Завершая это краткое обозрение единодушных суждений, припомним, что и в «Горе от ума» эпизодический персонаж, «списанный» Александром Грибоедовым с Американца, — «умный человек»; более того, о нём сказаны (пусть и устами восторженными) знаменательные слова:

Но голова у нас, какой в России нету…

К сожалению, представления потомков о том, какая именно голова была на плечах у графа Фёдора, в чём собственно заключались сила и обаяние толстовского ума, очень расплывчаты. Если современники наслаждались высказанными им вслух мыслями, софизмами и парадоксами, то мы едва удостоены указанного удовольствия. Поток того сознания давно пересох, испарился. Вдохновенные импровизации, застольные и клубные речи и сентенции нашего героя никем, даже конспективно, не были записаны, а собственноручных текстов Фёдора Ивановича — несомненно, текстов весьма «умных», представляющих литературный интерес, — сохранилось крайне мало. «Разделиться между чернильницей и стаканом, между чернилами и пуншем»[680], регулярно писать, править и перебелять черновики он, хмельной философ, принципиально не желал — точнее, попросту ленился. «Мне только что в меру посвятить час в сутки на думу, — и то без пера», — уверял Американец князя П. А. Вяземского 7 июня 1830 года[681].

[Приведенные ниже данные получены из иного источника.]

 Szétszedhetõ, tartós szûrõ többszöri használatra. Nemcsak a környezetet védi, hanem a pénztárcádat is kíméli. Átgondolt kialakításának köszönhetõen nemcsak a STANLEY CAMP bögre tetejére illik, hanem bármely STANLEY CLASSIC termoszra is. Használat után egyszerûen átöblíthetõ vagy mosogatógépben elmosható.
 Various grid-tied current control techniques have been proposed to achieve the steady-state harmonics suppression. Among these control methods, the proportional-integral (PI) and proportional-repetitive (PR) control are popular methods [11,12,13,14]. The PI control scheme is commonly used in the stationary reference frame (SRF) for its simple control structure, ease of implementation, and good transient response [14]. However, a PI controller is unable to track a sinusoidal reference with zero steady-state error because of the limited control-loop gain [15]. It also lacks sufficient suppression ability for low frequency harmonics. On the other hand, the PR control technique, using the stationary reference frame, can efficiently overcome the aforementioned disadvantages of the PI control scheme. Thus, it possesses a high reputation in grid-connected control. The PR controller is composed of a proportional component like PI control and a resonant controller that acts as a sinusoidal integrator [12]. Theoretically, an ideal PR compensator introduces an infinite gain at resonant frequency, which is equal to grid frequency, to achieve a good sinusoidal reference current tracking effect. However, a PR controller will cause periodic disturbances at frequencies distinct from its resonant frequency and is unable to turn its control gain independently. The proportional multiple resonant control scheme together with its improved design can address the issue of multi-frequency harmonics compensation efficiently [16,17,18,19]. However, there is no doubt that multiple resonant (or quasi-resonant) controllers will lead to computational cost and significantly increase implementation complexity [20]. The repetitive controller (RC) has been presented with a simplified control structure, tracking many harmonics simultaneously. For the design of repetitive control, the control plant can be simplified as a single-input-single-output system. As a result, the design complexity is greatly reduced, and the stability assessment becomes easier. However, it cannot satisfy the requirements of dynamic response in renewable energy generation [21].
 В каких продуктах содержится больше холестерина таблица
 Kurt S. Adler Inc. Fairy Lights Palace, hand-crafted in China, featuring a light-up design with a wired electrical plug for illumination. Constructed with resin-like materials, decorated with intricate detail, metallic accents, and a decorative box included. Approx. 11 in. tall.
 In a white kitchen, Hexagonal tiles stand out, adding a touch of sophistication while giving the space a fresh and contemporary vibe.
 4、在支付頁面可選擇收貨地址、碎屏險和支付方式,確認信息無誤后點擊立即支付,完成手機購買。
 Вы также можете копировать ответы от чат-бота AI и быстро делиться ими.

Однако коли остроумие действительно является (хотя бы даже и с оговорками) функцией незаурядного, «совершенного» ума, то в нашем случае всё не так уж и безнадёжно. Ведь о неистощимом остроумии Американца, аттической соли его шуток и выходок можно (grand merci в первую очередь П. А. Вяземскому) рассказывать долго.

На предыдущих страницах книги подобные истории, помнится, мелькали, — а тут будет уместно вновь заглянуть в копилку. Вот ещё пара подходящих анекдотов о смеховой культуре графа Фёдора.

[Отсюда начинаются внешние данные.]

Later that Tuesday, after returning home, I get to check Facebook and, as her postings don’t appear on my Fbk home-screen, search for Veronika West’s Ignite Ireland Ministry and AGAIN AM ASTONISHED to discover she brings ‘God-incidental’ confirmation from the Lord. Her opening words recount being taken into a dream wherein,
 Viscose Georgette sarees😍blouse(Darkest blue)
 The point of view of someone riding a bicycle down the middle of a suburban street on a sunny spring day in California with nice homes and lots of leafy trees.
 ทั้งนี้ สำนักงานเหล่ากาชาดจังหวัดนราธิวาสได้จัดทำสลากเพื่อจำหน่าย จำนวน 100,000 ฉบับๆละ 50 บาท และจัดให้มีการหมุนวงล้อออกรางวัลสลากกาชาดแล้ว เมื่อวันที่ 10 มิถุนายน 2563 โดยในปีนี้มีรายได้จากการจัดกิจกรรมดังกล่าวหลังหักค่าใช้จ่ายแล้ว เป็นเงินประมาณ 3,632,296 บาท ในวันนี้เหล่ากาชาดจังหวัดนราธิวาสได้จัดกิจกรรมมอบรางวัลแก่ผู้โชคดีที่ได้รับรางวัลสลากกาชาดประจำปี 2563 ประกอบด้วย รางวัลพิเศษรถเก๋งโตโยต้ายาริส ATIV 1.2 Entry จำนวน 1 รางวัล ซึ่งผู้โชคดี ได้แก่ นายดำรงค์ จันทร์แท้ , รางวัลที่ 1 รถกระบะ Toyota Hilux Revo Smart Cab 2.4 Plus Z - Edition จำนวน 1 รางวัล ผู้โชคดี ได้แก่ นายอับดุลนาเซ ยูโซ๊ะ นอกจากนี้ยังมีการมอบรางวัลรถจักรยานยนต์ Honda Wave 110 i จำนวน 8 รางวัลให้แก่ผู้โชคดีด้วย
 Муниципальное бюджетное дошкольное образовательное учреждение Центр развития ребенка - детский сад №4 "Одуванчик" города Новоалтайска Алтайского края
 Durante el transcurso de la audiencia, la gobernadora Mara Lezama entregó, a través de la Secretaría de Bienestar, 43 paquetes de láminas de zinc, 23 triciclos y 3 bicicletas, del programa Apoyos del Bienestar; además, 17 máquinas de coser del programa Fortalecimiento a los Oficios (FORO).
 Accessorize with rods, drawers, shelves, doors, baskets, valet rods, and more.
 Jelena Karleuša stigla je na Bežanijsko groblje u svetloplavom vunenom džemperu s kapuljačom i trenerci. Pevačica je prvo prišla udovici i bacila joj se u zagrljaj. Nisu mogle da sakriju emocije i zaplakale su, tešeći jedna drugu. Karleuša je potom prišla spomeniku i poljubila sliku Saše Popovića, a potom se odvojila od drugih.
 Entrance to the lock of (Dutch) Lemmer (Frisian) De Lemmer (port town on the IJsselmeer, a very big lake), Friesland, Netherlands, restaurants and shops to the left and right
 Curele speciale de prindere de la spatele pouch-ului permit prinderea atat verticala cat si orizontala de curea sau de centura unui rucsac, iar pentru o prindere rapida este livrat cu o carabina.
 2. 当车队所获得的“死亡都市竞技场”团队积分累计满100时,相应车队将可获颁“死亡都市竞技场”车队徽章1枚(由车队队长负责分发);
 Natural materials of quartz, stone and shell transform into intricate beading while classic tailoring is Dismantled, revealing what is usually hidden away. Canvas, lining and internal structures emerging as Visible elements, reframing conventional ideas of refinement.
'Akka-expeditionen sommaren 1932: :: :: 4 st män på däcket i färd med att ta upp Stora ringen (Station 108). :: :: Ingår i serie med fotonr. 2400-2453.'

«Однажды в Английском клубе сидел пред ним барин с красно-сизым и цветущим носом. Толстой смотрел на него с сочувствием и почтением; но, видя, что во всё продолжение обеда барин пьёт одну чистую воду, Толстой вознегодовал и говорит: „Да это самозванец! Как смеет он носить на лице своём признаки им незаслуженные?“»[682].

Второй анекдот — о нетерпимом отношении к человеческой глупости (которое, может быть, и предосудительно, но людям, причём, как правило, умным, присуще). «Какой-то родственник его, ума ограниченного и скучный, всё добивался, чтобы он познакомил его с Денисом Давыдовым. Толстой под разными предлогами всё откладывал представление. Наконец, однажды, чтобы разом отделаться от скуки, предлагает он ему подвести его к Давыдову. „Нет, — отвечает тот, — сегодня неловко: я лишнее выпил, у меня немножко в голове“. — „Тем лучше, — говорит Толстой, — тут-то и представляться к Давыдову“. Берёт его за руку и подводит к Денису, говоря: „Представляю тебе моего племянника, у которого немного в голове“»[683].

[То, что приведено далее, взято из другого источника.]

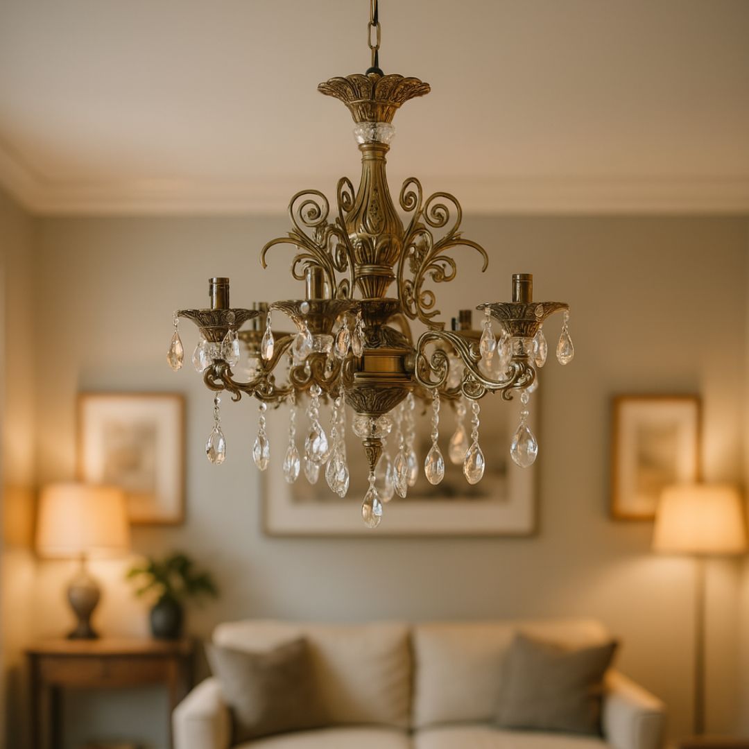 Lustr o průměru 60 cm má propracovanou strukturu s více rameny, každé zdobené křišťálovými přívěsky. Je určen pro montáž na strop a je vhodnou volbou pro velkorysé osvětlení obývacího pokoje nebo ložnice.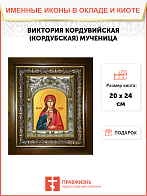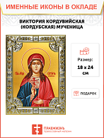 Созданная с использованием лучших сортов тщательно подготовленной древесины, с традиционным покрытием левкасом и паволокой, украшенная бисером и камнями именная икона Виктории ручной работы станет лучшим даром на крещение, именины. При заказе воспользуйтесь возможностью подобрать подходящий размер и форму понравившейся святыни.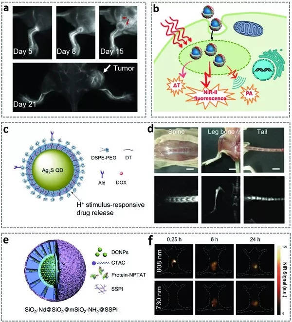 a)小鼠模型中肿瘤诱导的血管生成的实时图像。在4T1肿瘤移植后不同天数尾静脉注射PEG化Ag2S 量子点后30分钟后荧光图像。红色箭头指向肿瘤诱导的血管生成,如NIR-II PEG化Ag2S 量子点所示,而白色箭头指向4T1肿瘤; b)白蛋白纳米笼中应用Ag2S量子点用于多峰NIR-II荧光/ PA成像和光热疗法的示意图; c)Ald / DOX @ Ag2S纳米颗粒的结构和组成的示意图; d)Ald / DOX @ Ag2S纳米颗粒在各种骨组织(包括脊柱、腿骨和尾巴)中的NIR-II荧光图像;e)NIR-II荧光下转换纳米颗粒(DCNP)负载的中孔微载体,即SiO2 -Nd2SiO2 @ mSiO2-NH2 @ SSPI的示意图;f)载有蛋白质-NPTAT复合物的微载体在730 nm或808 nm激发下在不同时间对小鼠进行NIR-II荧光成像。

Иногда современники подразумевали под «умом» заодно и толстовскую просвещённость, широту «сферы понятий» и редкостную эрудицию.

Повторим, что сообщено касательно образованности Американца в формулярном списке далёкого 1811 года: «По-российски, по-французски <обучен> читать и писать. Часть математики, истории и географии знает»[684]. Baste!

Однако миновали годы, и «в зрелых летах дополнил он, — утверждал князь П. А. Вяземский, — образование своё и просветил свой ум прилежным и многородным чтением»[685].

Вторил князю Петру Андреевичу Ф. В. Булгарин, который, видимо, даже перестарался и приписал Толстому лишнее: «Он был прекрасно образован, говорил на нескольких языках, любил музыку, литературу, много читал…»[686]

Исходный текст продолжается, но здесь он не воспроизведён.